- **Data extract**:
* * * * * * *

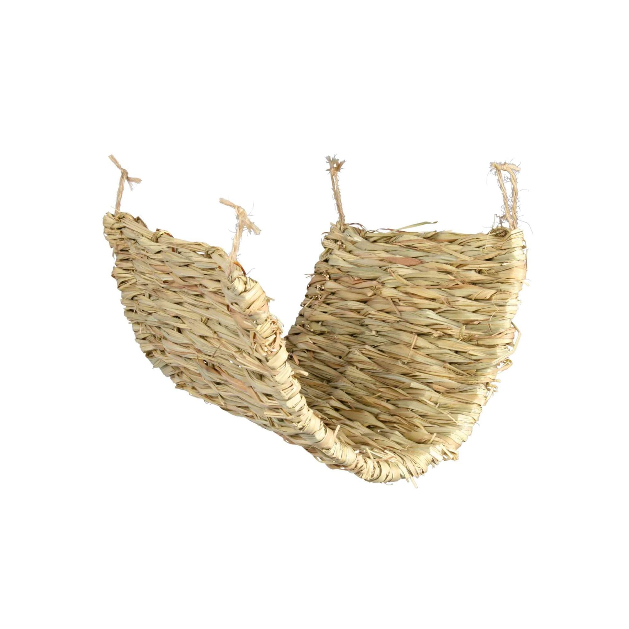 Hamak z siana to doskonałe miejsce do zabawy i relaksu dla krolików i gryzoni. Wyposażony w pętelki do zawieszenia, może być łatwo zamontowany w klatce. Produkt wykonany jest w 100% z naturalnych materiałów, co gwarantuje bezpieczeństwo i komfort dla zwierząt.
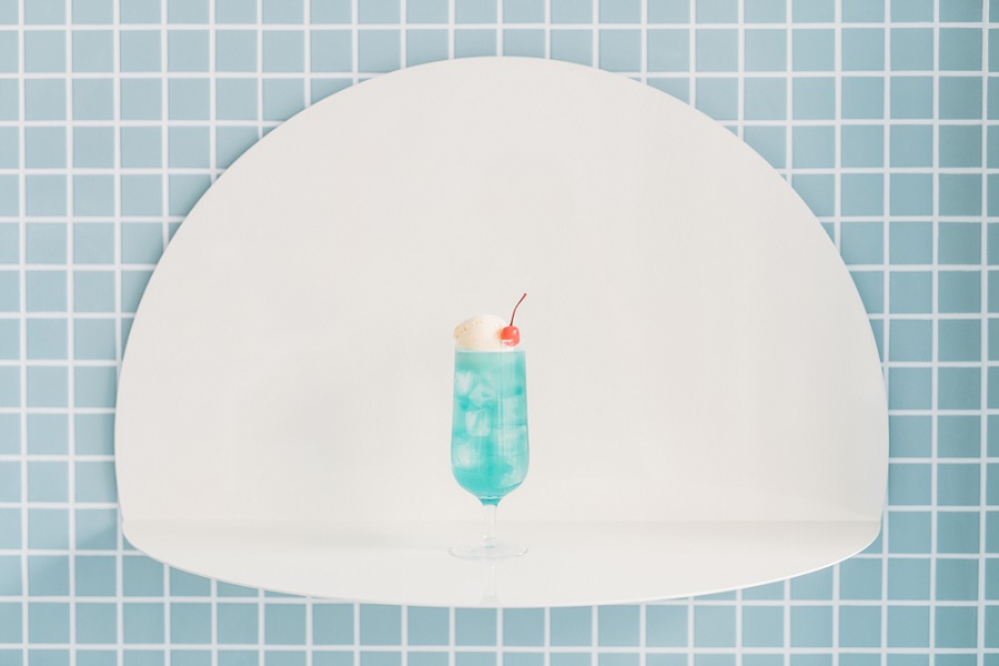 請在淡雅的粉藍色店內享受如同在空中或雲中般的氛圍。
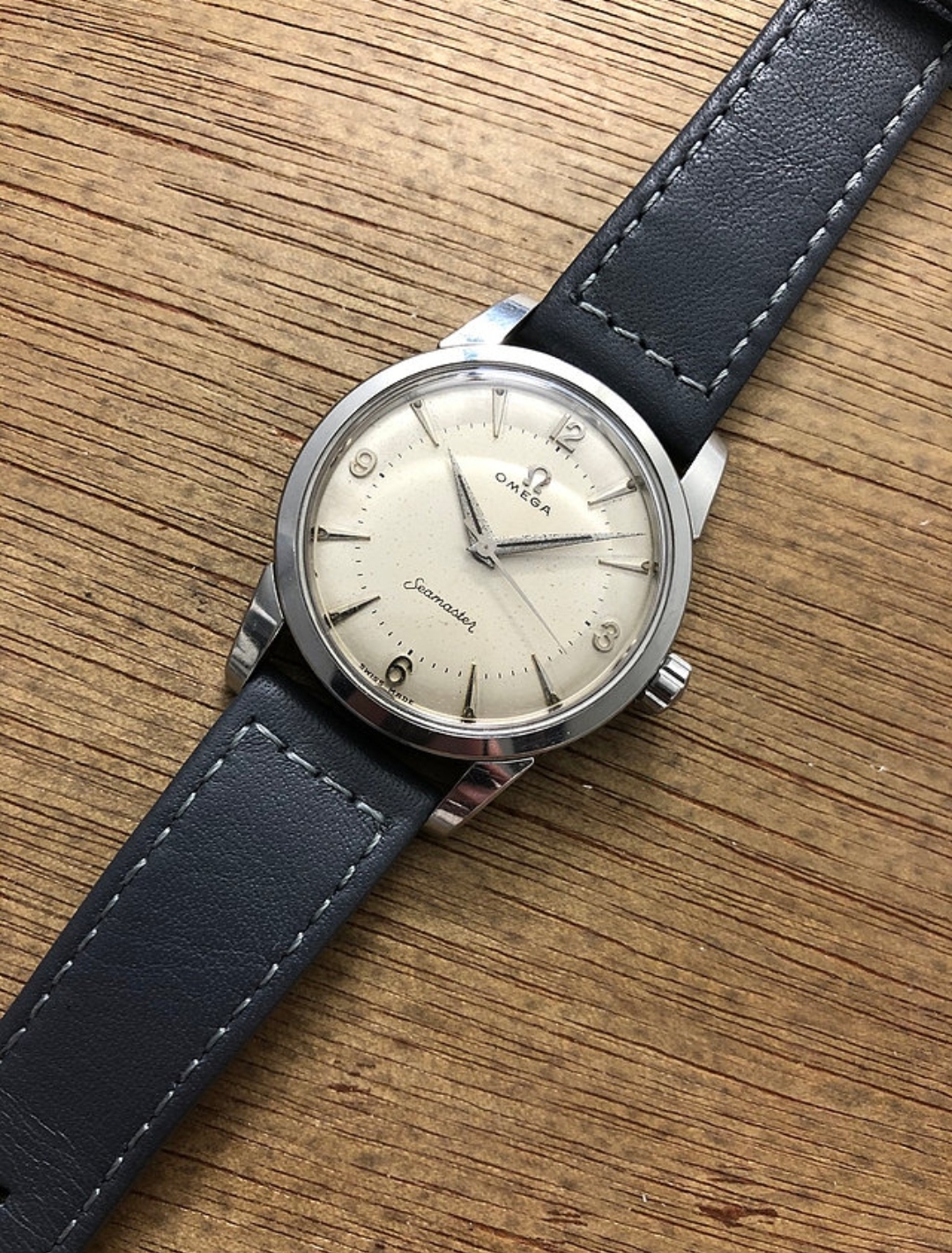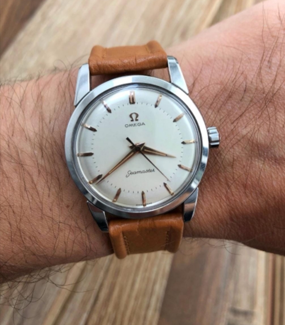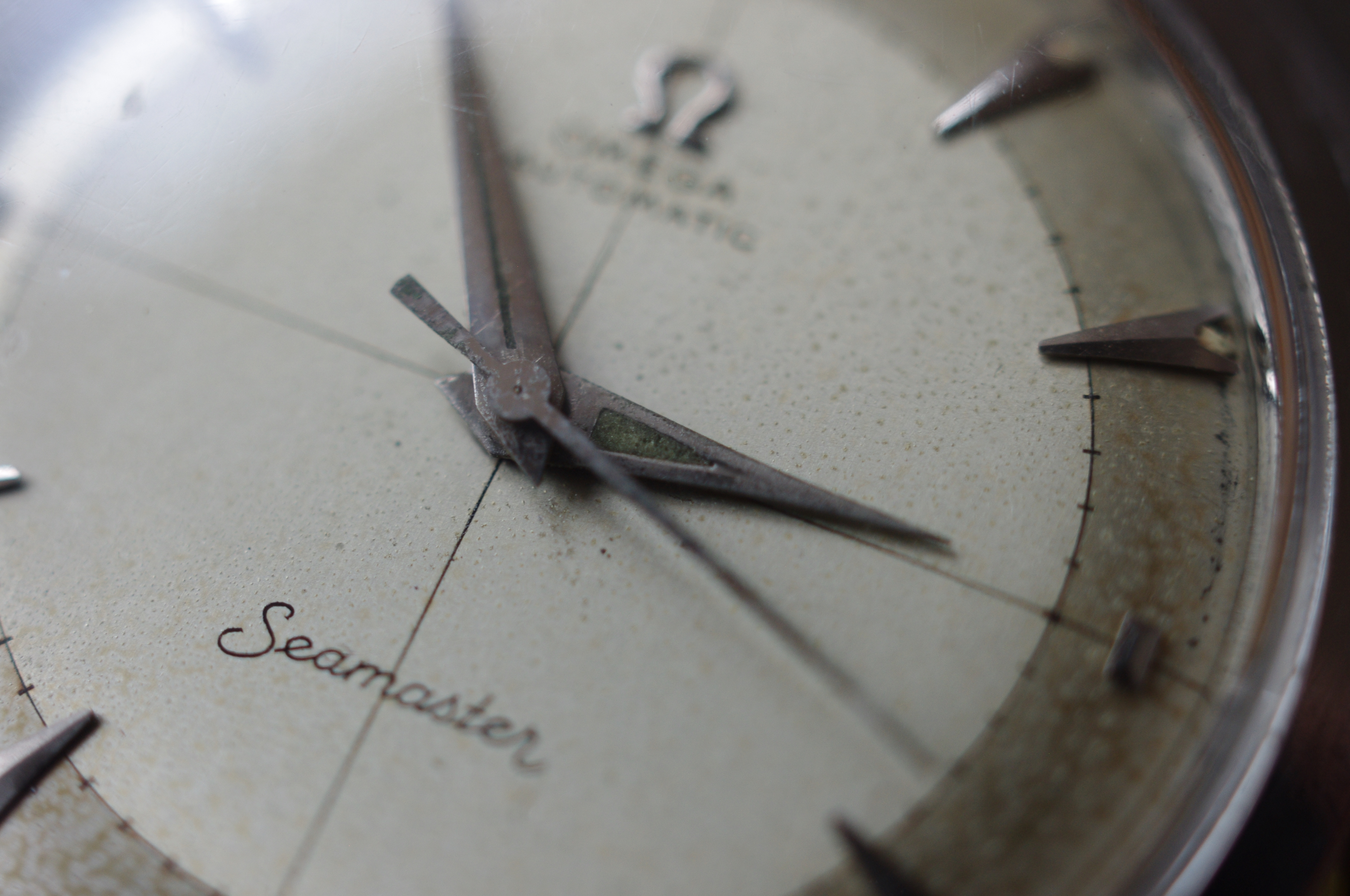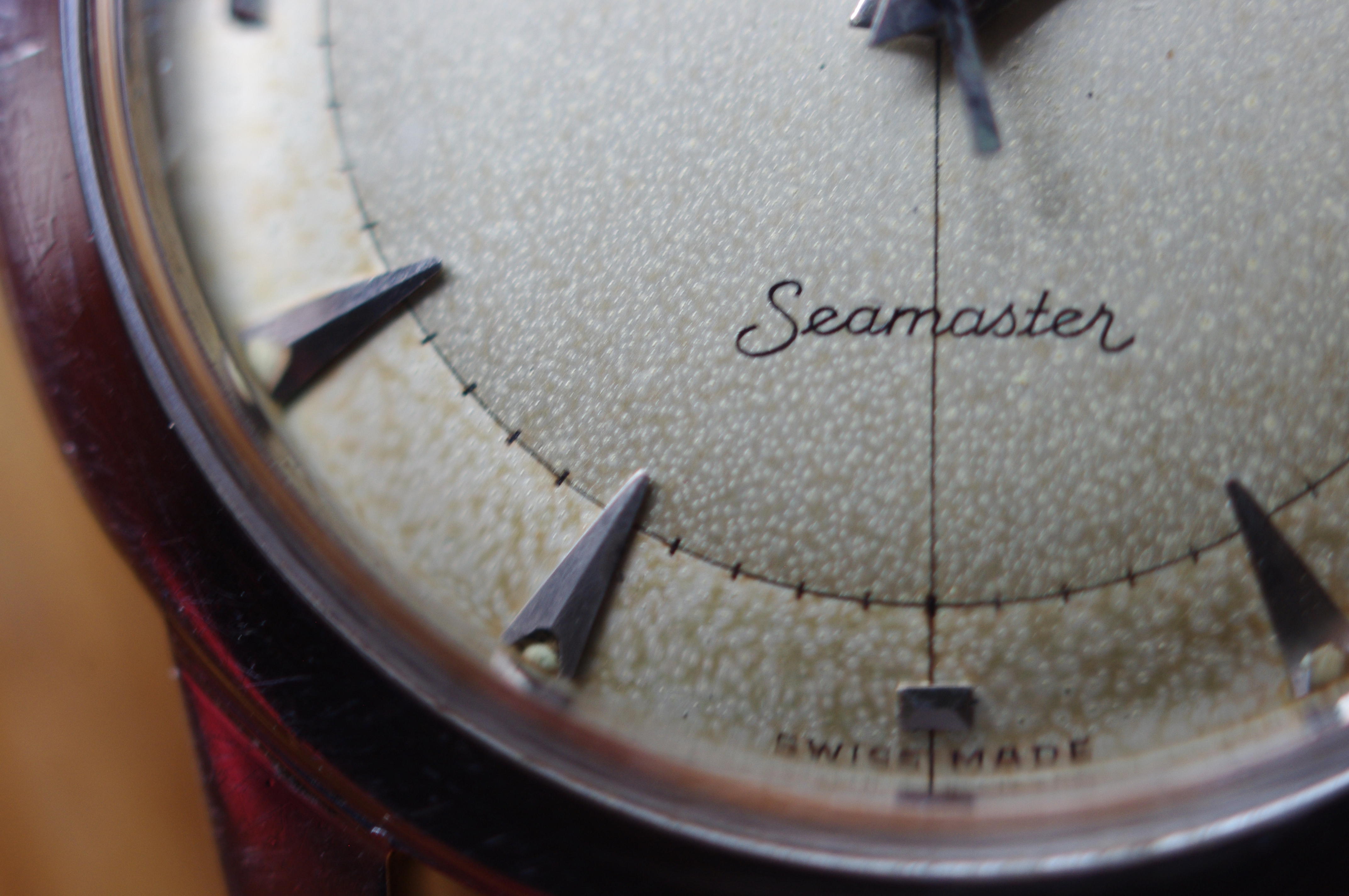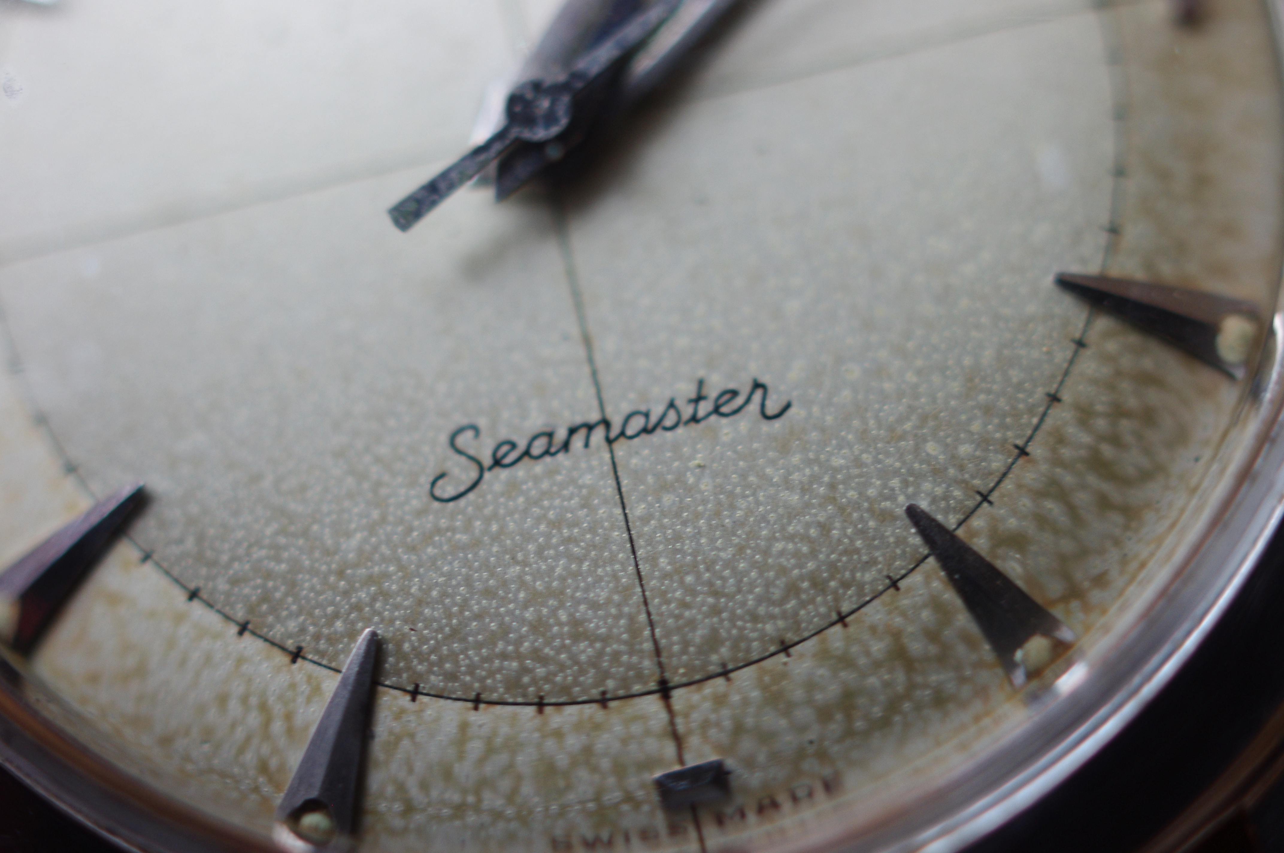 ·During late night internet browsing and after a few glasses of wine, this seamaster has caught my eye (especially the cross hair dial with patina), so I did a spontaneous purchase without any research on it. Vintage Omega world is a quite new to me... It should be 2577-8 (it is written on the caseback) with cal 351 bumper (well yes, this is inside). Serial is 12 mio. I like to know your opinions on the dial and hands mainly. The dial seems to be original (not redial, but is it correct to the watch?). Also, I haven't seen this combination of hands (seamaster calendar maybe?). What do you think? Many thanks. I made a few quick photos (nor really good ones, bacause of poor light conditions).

* * * * * * *

- **What is expected**:
Everything in the data except the pictures should be restated word for word.

- **Exercise result**:
 Hamak z siana to doskonałe miejsce do zabawy i relaksu dla krolików i gryzoni. Wyposażony w pętelki do zawieszenia, może być łatwo zamontowany w klatce. Produkt wykonany jest w 100% z naturalnych materiałów, co gwarantuje bezpieczeństwo i komfort dla zwierząt.
 請在淡雅的粉藍色店內享受如同在空中或雲中般的氛圍。
 ·During late night internet browsing and after a few glasses of wine, this seamaster has caught my eye (especially the cross hair dial with patina), so I did a spontaneous purchase without any research on it. Vintage Omega world is a quite new to me... It should be 2577-8 (it is written on the caseback) with cal 351 bumper (well yes, this is inside). Serial is 12 mio. I like to know your opinions on the dial and hands mainly. The dial seems to be original (not redial, but is it correct to the watch?). Also, I haven't seen this combination of hands (seamaster calendar maybe?). What do you think? Many thanks. I made a few quick photos (nor really good ones, bacause of poor light conditions).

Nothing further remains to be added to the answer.